Y no ávidamente apegado a familias”. Otra cualidad muy apreciable en un monje: no debe sentir apego por los laicos. Los monjes no deben estar vorazmente aferrados a las familias. Un monje no debería decir: “Esta persona me sustenta y, por eso, es como un hermano para mí (o como una hermana para mí)”. El Buddha decía que los monjes deben ser como la luna, que es nueva cada día. Hoy vemos la luna con una forma, pero al día siguiente vemos la luna con otra forma (porque ha menguado o ha crecido); por eso se dice que la luna es nueva cada día. De la misma manera, un monje debe ser nuevo cada vez que se relaciona con las familias. No debería tomar ni a sus nombres ni a sus direcciones. Todo esto quizás no sea muy atractivo para la mentalidad moderna, pero es lo que dicen las Escrituras; un monje no debería involucrarse en las penas ni en las alegrías de los laicos. La expresión pāli “Sahasoka, Sahanandi” significa sentir pena y alegría juntos. Un monje debe mantener la distancia con los laicos porque es alguien que ha abandonado todas esas tristezas y alegrías mundanas, es uno que lleva una vida sin hogar; por eso no debe verse afectado por los altibajos de la vida del hogar, de la vida de los laicos. Manteniendo siempre una prudente distancia, el monje no debe estar apegado a familias.

 

No debería cometer la más leve falta que pudiese ser motivo de censura por parte de los sabios”. Un monje debería considerar incluso la falta más leve y evitar toda acción que pudiese ser motivo de reproche por parte de personas sabias.

 

Éstas son las cualidades de un monje, los atributos que debería poseer un monje para estar en condiciones de cultivar la meditación de Benevolencia.

 

¿Cuántas cualidades en total? Un monje debería ser:

 

-        hábil

-        recto

-        perfectamente recto

-        dócil

-        gentil

-        humilde

-        tener contentamiento

-        ser fácil de sustentar

-        de pocas actividades u obligaciones

-        de pocas pertenencias

-        controlado en sus sentidos

-        discreto

-        respetuoso

-        no ávidamente apegado a familias

-        y no debe cometer la más pequeña falta que pudiese ser motivo de reprobación por parte de los sabios.

 

Un total de quince cualidades que los monjes deben desarrollar.
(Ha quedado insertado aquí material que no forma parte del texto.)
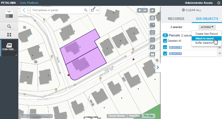 While working with records in Civic Platform, you can attach GIS objects to the current record. This allows anyone working with the record to geographically visualize the impact or extent of the transaction record within the agency’s jurisdiction. For example, a permit clerk can draw the exact location of a new property including the extent of its environmental impact. The geographic data enhances the transaction record and can help with facilitating efficient and effective transaction workflows.

También los laicos pueden y deben desarrollar estas cualidades hasta cierto punto.[12]

 

Prosiguiendo con el Mettā Sutta, el Buddha enseña cómo debe cultivarse la Benevolencia diciendo que el monje ha de albergar los siguientes pensamientos: “¡Que todos los seres estén felices y a salvo!”“¡Que todos sean felices de corazón!”. Un monje debería vivir irradiando este tipo de pensamientos hacia todos los seres vivientes.

 

“¡Que todos los seres que existen, débiles o fuertes, largos, enormes o medianos, o cortos, minúsculos o gruesos, conocidos o desconocidos, los que viven cerca y los que viven lejos, los nacidos y los que están por nacer. Que todos los seres sin excepción sean felices!”. Esto se puede resumir simplemente en: “¡Que todos los seres vivientes sean felices!”; esto es meditación de Amor Benevolente. También podemos especificar a qué tipo de seres deseamos la felicidad. En el Mettā Suttā el Buddha enseñó a los monjes, de diferentes formas, la meditación de Amor Benevolente.

 

Primero: “¡Que todos los seres que existen, débiles o fuertes...”. Esto significa: “¡que todos los seres débiles estén bien, felices y en paz!, ¡y que todos los seres fuertes estén bien, felices y en paz!”. Esto es una díada: seres débiles y seres fuertes; dos clases de seres según su fortaleza.

 

Luego: hay seres que son largos como las serpientes, “¡que todos los seres largos estén bien, felices y en paz!, ¡que todos los seres de longitud mediana estén bien, felices y en paz!, ¡que todos los seres cortos estén bien, felices y en paz!”. Tenemos una tríada, tres tipos de seres según su longitud: largos, normales, y cortos.

 

Hay seres grandes, como los elefantes o las ballenas, y también seres hay medianos y seres diminutos. “¡Que todos ellos estén bien, felices y en paz!”

 

Hay seres gruesos, otros de grosor normal y también seres delgados o escuálidos. “¡Que todos ellos estén bien, felices y en paz!”

 

Conocidos o desconocidos”. Hay seres a los que hemos visto antes y otros seres a los que no hemos visto anteriormente. “¡Que todos ellos estén bien, felices y en paz!”

 

Los que viven cerca y los que viven lejos”. Hay seres que están cerca de nosotros y muchos otros en lugares remotos. “¡Que todos ellos estén bien, felices y en paz!”

 

Los nacidos y los que están por nacer”. “¡Que todos ellos estén bien, felices y en paz!”

 

Éste es otro método para el cultivo del Amor Benevolente. En este centro todavía no hemos practicado de esta forma, con cuatro díadas y tres tríadas, que es la que enseña el Buddha en el Mettā Sutta.

 

Las cuatro díadas son:

1.     “¡Que todos los seres, débiles y fuertes, sean felices en mente y cuerpo!” “¡Que ellos estén bien, felices y en paz!”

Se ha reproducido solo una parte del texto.